### Problem requirements
At the line that holds "一直以来韩国女团对于玛丽珍都", start repeating, and keep going exactly through the final line of the material; include both ends and skip the pictures.

### Dataset section
____________

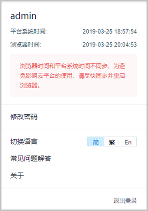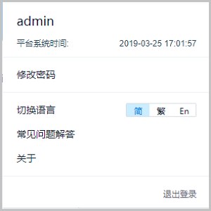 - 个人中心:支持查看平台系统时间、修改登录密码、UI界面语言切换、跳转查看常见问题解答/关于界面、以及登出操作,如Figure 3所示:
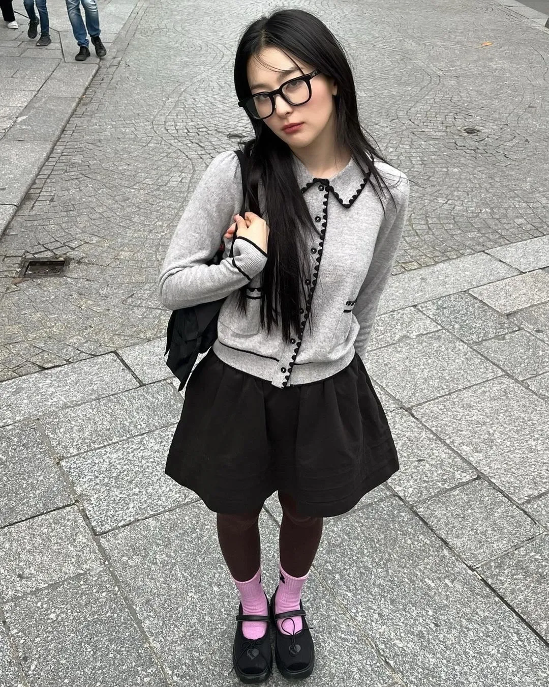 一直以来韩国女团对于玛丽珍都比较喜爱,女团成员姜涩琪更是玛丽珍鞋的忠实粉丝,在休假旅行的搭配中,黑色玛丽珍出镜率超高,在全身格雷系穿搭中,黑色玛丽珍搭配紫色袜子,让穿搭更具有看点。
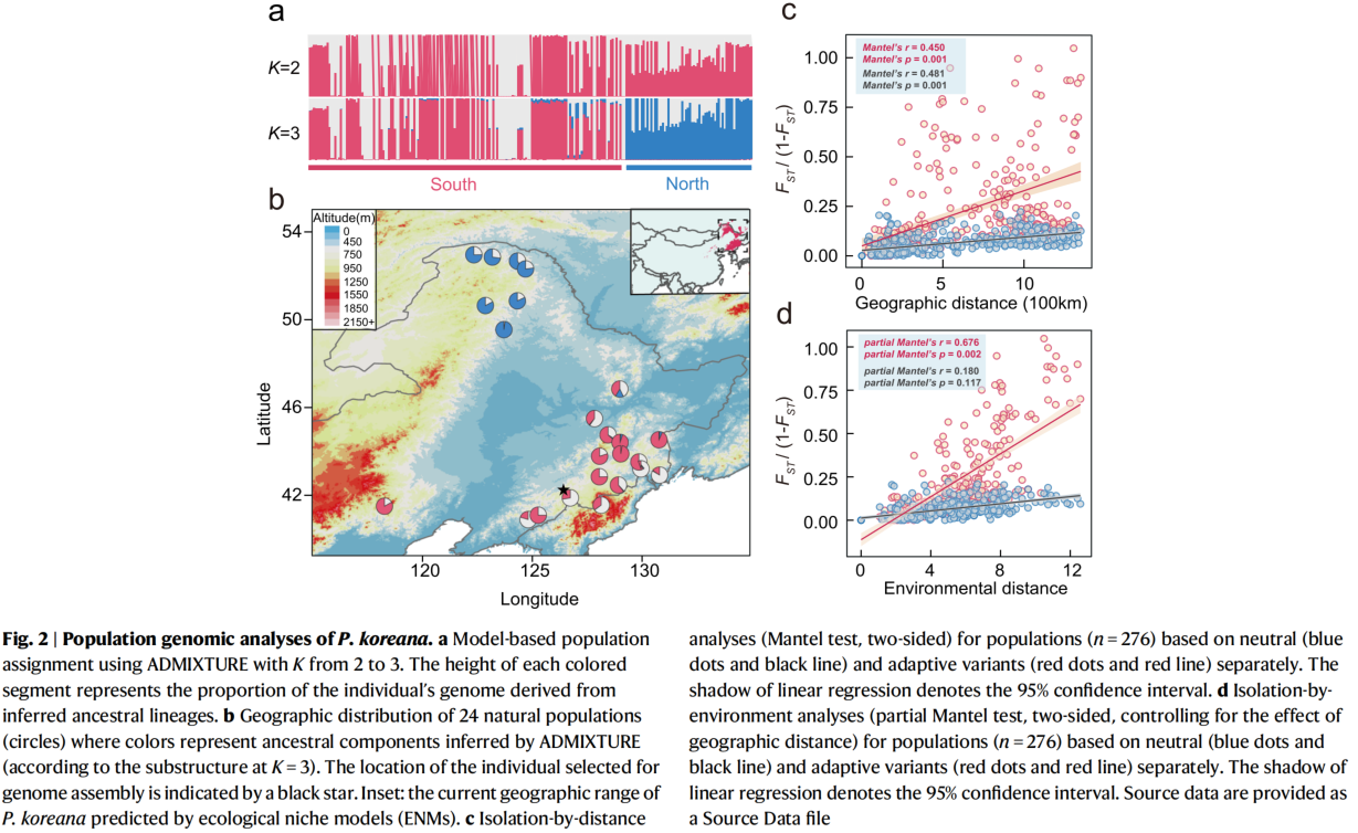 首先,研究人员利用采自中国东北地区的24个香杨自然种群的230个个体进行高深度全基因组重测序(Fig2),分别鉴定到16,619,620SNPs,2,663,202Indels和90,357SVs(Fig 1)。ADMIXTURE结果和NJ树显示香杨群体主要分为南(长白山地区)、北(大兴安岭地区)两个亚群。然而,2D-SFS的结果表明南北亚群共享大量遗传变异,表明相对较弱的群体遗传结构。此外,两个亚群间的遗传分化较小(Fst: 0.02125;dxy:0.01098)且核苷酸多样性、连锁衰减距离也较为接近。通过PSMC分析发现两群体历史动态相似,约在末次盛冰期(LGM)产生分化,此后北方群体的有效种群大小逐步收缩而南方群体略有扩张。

____________

### Answer to this problem
 一直以来韩国女团对于玛丽珍都比较喜爱,女团成员姜涩琪更是玛丽珍鞋的忠实粉丝,在休假旅行的搭配中,黑色玛丽珍出镜率超高,在全身格雷系穿搭中,黑色玛丽珍搭配紫色袜子,让穿搭更具有看点。
 首先,研究人员利用采自中国东北地区的24个香杨自然种群的230个个体进行高深度全基因组重测序(Fig2),分别鉴定到16,619,620SNPs,2,663,202Indels和90,357SVs(Fig 1)。ADMIXTURE结果和NJ树显示香杨群体主要分为南(长白山地区)、北(大兴安岭地区)两个亚群。然而,2D-SFS的结果表明南北亚群共享大量遗传变异,表明相对较弱的群体遗传结构。此外,两个亚群间的遗传分化较小(Fst: 0.02125;dxy:0.01098)且核苷酸多样性、连锁衰减距离也较为接近。通过PSMC分析发现两群体历史动态相似,约在末次盛冰期(LGM)产生分化,此后北方群体的有效种群大小逐步收缩而南方群体略有扩张。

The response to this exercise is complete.